Father Raymundo isn't afraid to take this social gospel into the church. "Sure," he says, "it's a message people don't want to hear. When you start talking about economics, no one wants to listen to you. But the same thing happened to the prophets. Jesus Christ preached a gospel that the powerful didn't want to hear. And what happened? He got the death penalty."
Father Raymundo has never lacked in the self-assurance department. He decided that he wanted to be a priest at age six. He started seminary at age 13. (Most U.S. priests begin seminary during or after college.) Out of seminary, his first job as a priest was to minister to a drug-infested barrio in Mexico City called La Merced, where pimps were known to harass Catholic priests who tried to get prostitutes off the streets and into church.
"Fortunately, they never threatened me," he says. "Maybe it's because I've never looked like a normal priest with my goatee and my looks.
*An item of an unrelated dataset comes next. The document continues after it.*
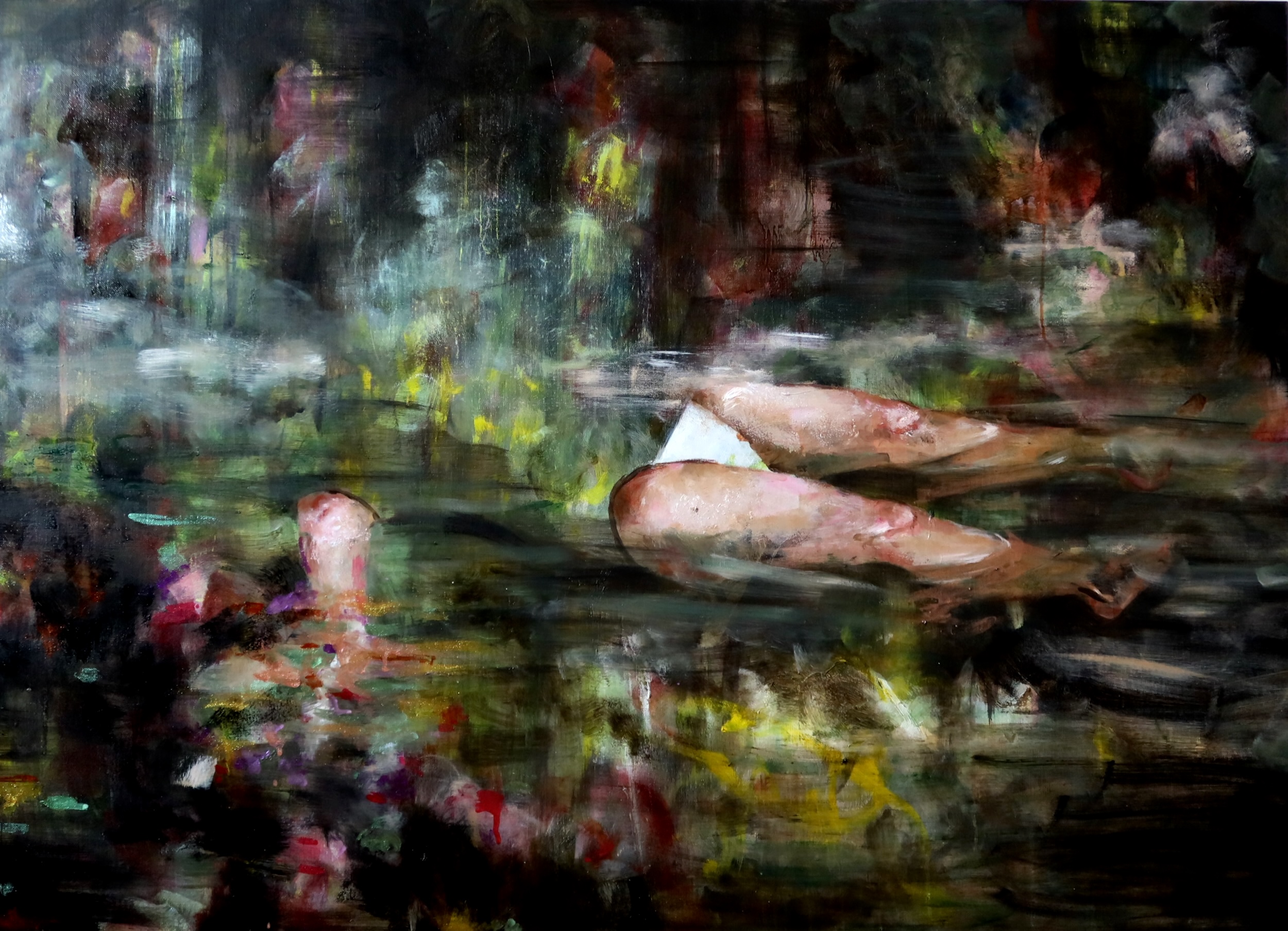 ophelia ,80X110cm Posted by LG on December 3, 2025December 3, 2025 Ophelia,80 X110cm, nailpolish oil on canvas,2025

The pimps probably thought I was one of the customers, so they left me alone."
He describes this first mission as "painful." Some of the prostitutes had AIDS. Some of them came to church after being beaten up by their pimps. Still, he felt like he was doing God's work in his native land.
When an invitation came to visit the United States, he wasn't sure he wanted to come — even for a vacation. In the end, though, he accepted. He thought his stay in this country wouldn't last long. "Then a bishop told me there weren't enough priests to minister to the immigrants," he said. "I thought I would only be there for a month and then go back home."
Before he knew it, though, he had settled in Tyler, Texas, at the Cathedral of the Immaculate Conception. It was no longer a vacation, but he enjoyed it. He worked as an assistant for an Anglo priest, and there were just a few Hispanics. He felt welcomed by Anglos. "I wanted to hide under the altar, my English was so bad," he says. "It was embarrassing."
At this point, Father Raymundo wasn't sure what he was doing in the United States, especially in the affluent, English-speaking parish he served. "Then one night," he says, "I woke up in the middle of the night and said, 'What the devil — excuse my language — am I doing here? Why am I in the United States?' I still don't really know why, but here I am. You can't escape from God even when you want to. God won't let me escape."